En cada nombre está la presencia del otro

Para entender mejor esta revelación de Dios-Amor, el Papa Francisco invitó a pensar en los nombres de las Personas divinas que pronunciamos cada vez que hacemos la señal de la cruz: en cada nombre está la presencia del otro. El Padre, por ejemplo, no sería tal sin el Hijo; del mismo modo el Hijo no puede ser pensado por sí solo, sino siempre como Hijo del Padre. Y el Espíritu Santo, a su vez, es Espíritu del Padre y del Hijo.

 

La Trinidad nos enseña vivir a imagen de Dios: abiertos

“En resumen – concluyó el Papa – la Trinidad nos enseña que no se puede estar nunca sin el otro.
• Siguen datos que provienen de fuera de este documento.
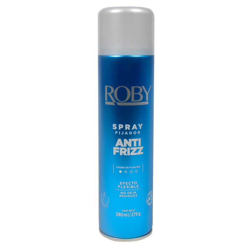 El Fijador ROBY antifrizz new spray de 390 ml es un producto de alta calidad para el cabello. Ofrece un control firme del frizz, proporciona brillo y mantiene tu peinado en su lugar todo el día. Su fórmula ligera y no pegajosa se dispersa fácilmente para un acabado natural.
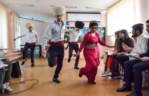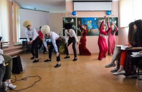 А затем обаятельные ведущие Дроздова Валентина и Якубовская Виктория предложили превратить импровизированный зал в кулинарную гостиную. Девушки из Туркменистана приготовили для дегустации плов по рецепту своих родителей, а наши девчонки угощали традиционными национальными драниками, блинами и пирогами!

No somos islas, estamos en el mundo para vivir a imagen de Dios: abiertos, necesitados de los demás y necesitados de ayudar a los demás”. Así pues, hagámonos esta última pregunta: ¿Soy un reflejo de la Trinidad en la vida de todos los días? ¿Se queda la señal de la cruz que hago cada día en un mero gesto ocioso o inspira mi manera de hablar, conocer, responder, juzgar, perdonar? Para poder responder a estas preguntas, el Santo Padre pidió a la Virgen María, hija del Padre, madre del Hijo y esposa del Espíritu, que nos ayude a acoger y testimoniar en la vida el misterio de Dios-Amor.